> **Work order**
All of the data that follows is to be written out exactly, with images excluded.

> **Records provided**
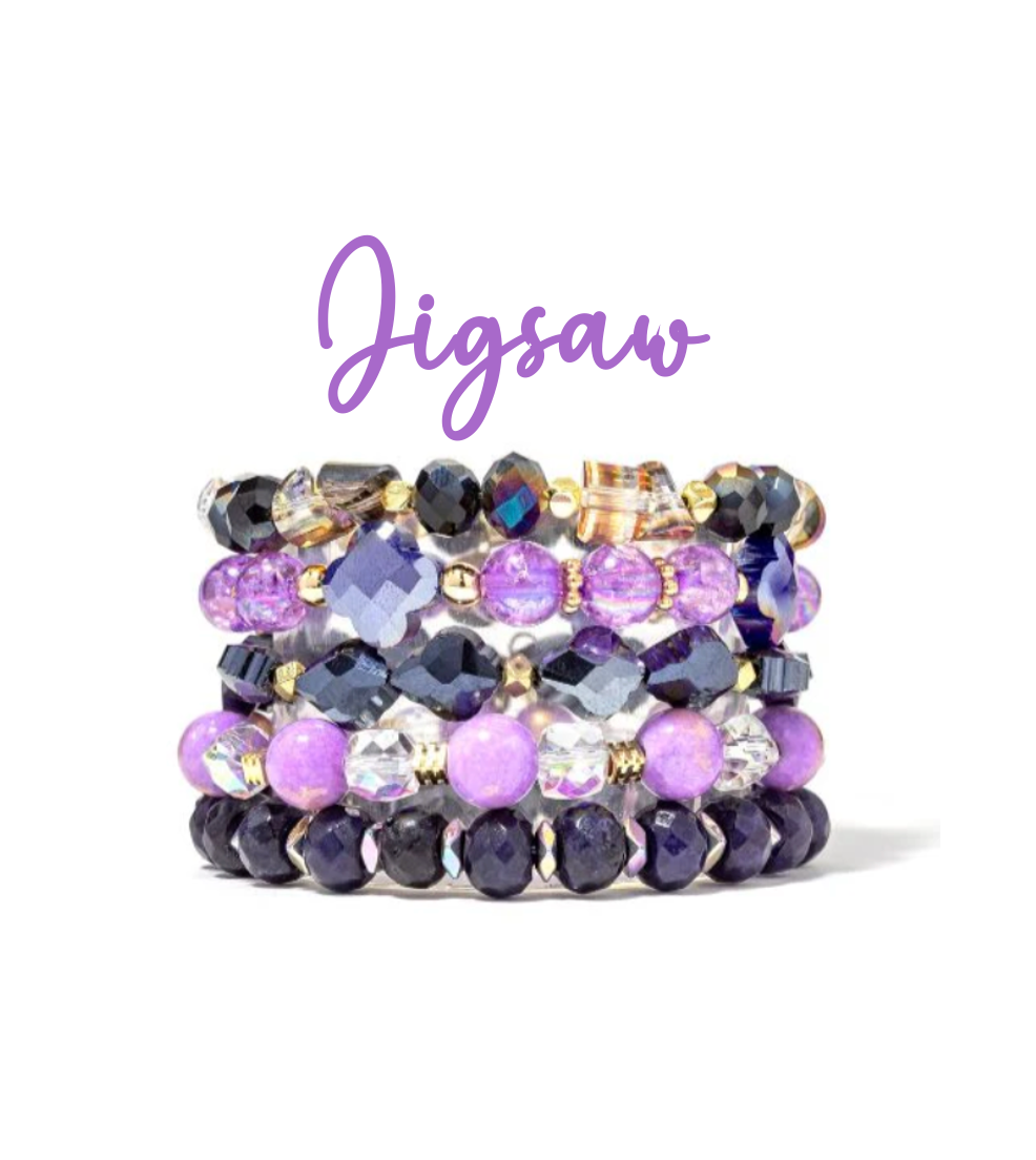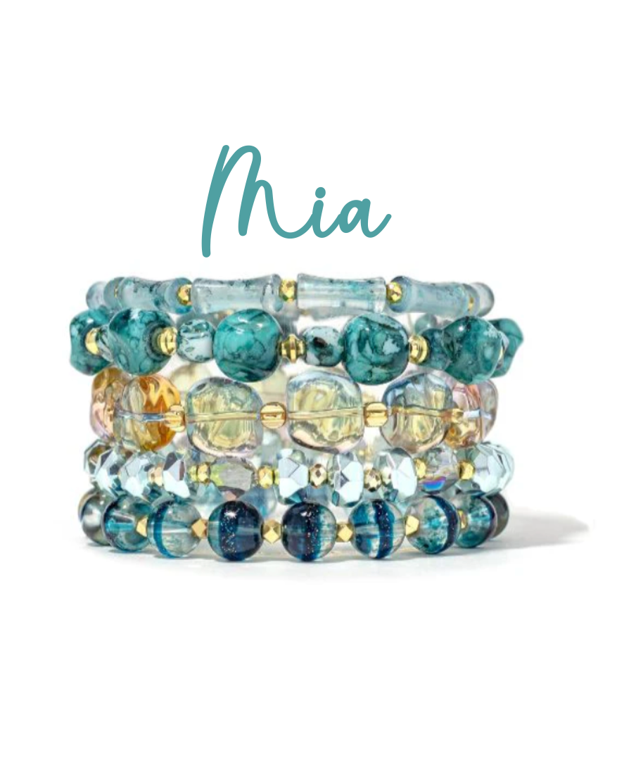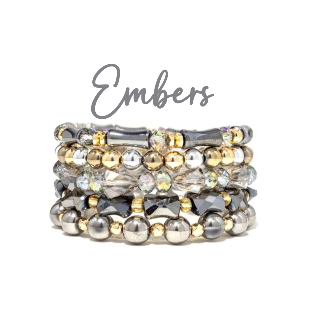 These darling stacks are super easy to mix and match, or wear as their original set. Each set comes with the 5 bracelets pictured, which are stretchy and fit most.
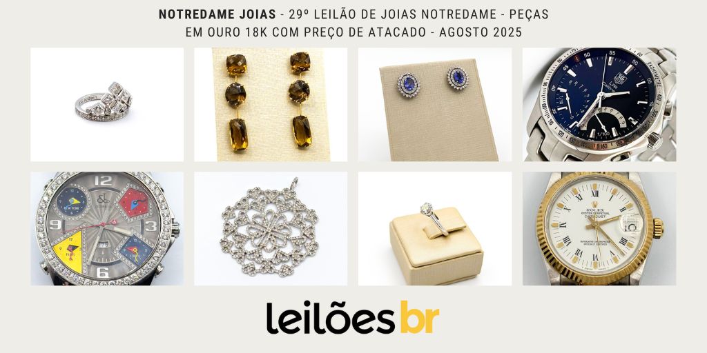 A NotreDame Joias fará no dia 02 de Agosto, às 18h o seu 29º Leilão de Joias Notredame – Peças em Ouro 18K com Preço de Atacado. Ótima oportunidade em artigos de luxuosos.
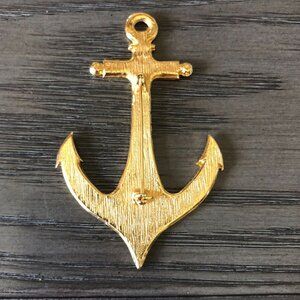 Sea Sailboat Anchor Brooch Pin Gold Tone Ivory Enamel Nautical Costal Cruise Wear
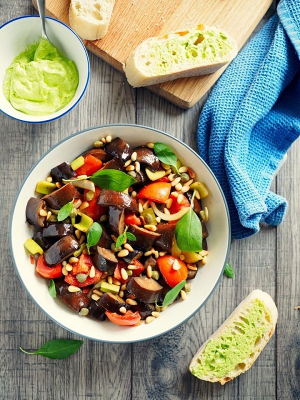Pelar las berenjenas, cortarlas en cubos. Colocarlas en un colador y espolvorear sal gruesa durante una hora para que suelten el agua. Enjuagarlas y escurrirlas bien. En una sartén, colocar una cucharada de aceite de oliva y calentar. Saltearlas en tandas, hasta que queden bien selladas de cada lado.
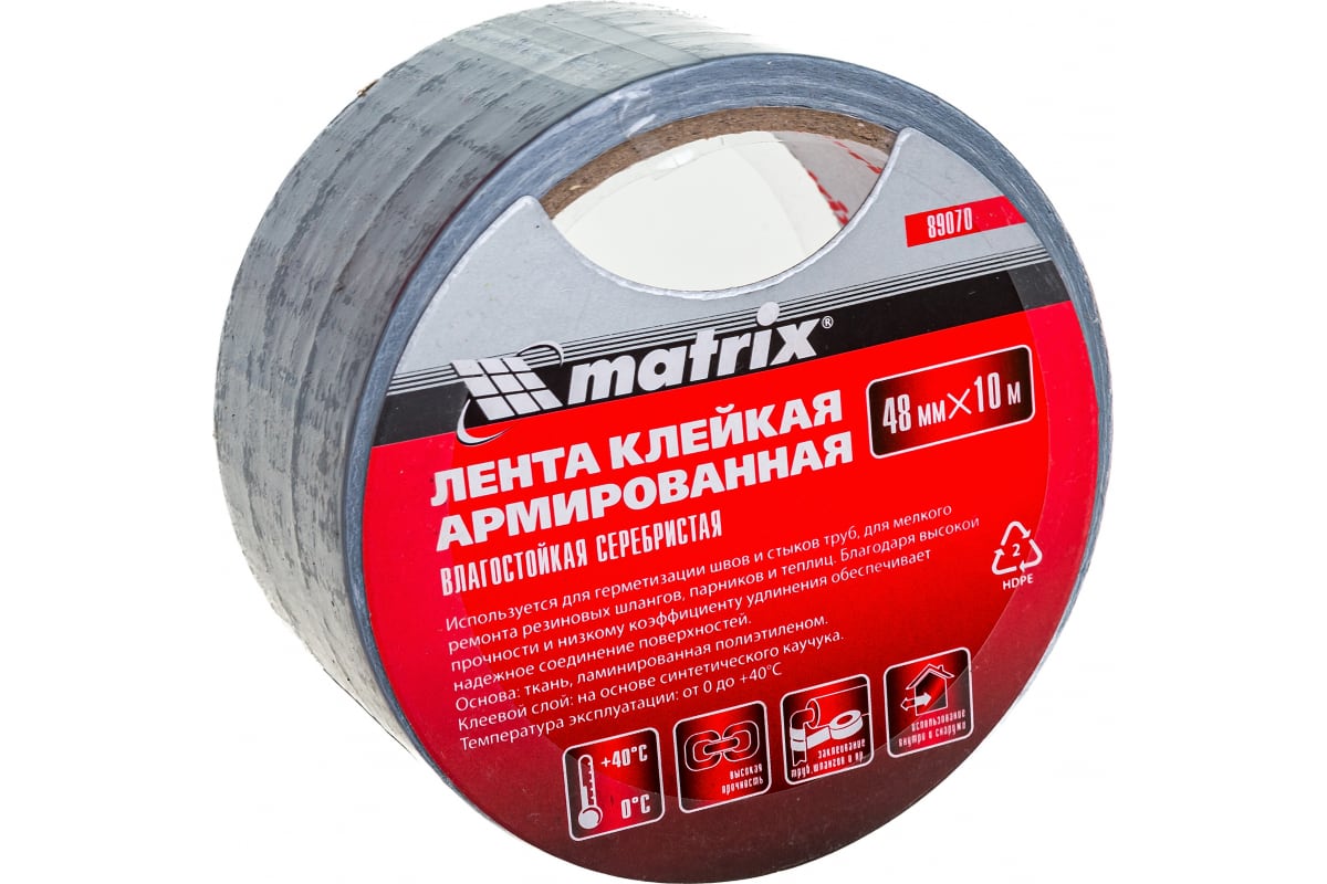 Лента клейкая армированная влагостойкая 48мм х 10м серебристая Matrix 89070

> **Solved exercise**
 These darling stacks are super easy to mix and match, or wear as their original set. Each set comes with the 5 bracelets pictured, which are stretchy and fit most.
 A NotreDame Joias fará no dia 02 de Agosto, às 18h o seu 29º Leilão de Joias Notredame – Peças em Ouro 18K com Preço de Atacado. Ótima oportunidade em artigos de luxuosos.
 Sea Sailboat Anchor Brooch Pin Gold Tone Ivory Enamel Nautical Costal Cruise Wear
Pelar las berenjenas, cortarlas en cubos. Colocarlas en un colador y espolvorear sal gruesa durante una hora para que suelten el agua. Enjuagarlas y escurrirlas bien. En una sartén, colocar una cucharada de aceite de oliva y calentar. Saltearlas en tandas, hasta que queden bien selladas de cada lado.
 Лента клейкая армированная влагостойкая 48мм х 10м серебристая Matrix 89070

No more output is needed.